Records supplied Start Marker

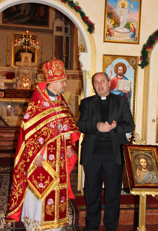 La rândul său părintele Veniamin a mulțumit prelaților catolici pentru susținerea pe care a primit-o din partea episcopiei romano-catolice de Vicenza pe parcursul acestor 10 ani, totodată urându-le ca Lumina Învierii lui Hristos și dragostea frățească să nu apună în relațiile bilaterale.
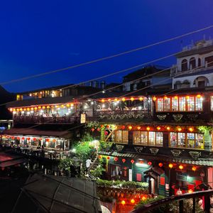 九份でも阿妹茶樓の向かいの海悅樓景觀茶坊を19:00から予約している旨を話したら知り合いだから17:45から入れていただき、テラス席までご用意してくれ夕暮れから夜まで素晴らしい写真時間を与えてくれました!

Records supplied End Marker
Records supplied Start Marker

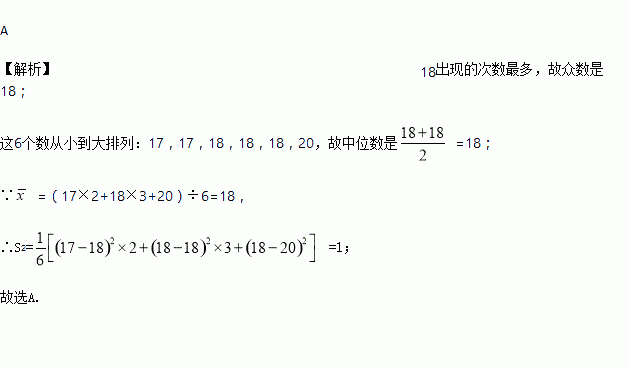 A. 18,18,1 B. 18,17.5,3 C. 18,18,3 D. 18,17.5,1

Records supplied End Marker

Starting at the line above that holds "La rândul său", return each line up to and including the one that holds "九份でも阿妹茶樓の向かいの海", exactly as written, minus any pictures.

 La rândul său părintele Veniamin a mulțumit prelaților catolici pentru susținerea pe care a primit-o din partea episcopiei romano-catolice de Vicenza pe parcursul acestor 10 ani, totodată urându-le ca Lumina Învierii lui Hristos și dragostea frățească să nu apună în relațiile bilaterale.
 九份でも阿妹茶樓の向かいの海悅樓景觀茶坊を19:00から予約している旨を話したら知り合いだから17:45から入れていただき、テラス席までご用意してくれ夕暮れから夜まで素晴らしい写真時間を与えてくれました!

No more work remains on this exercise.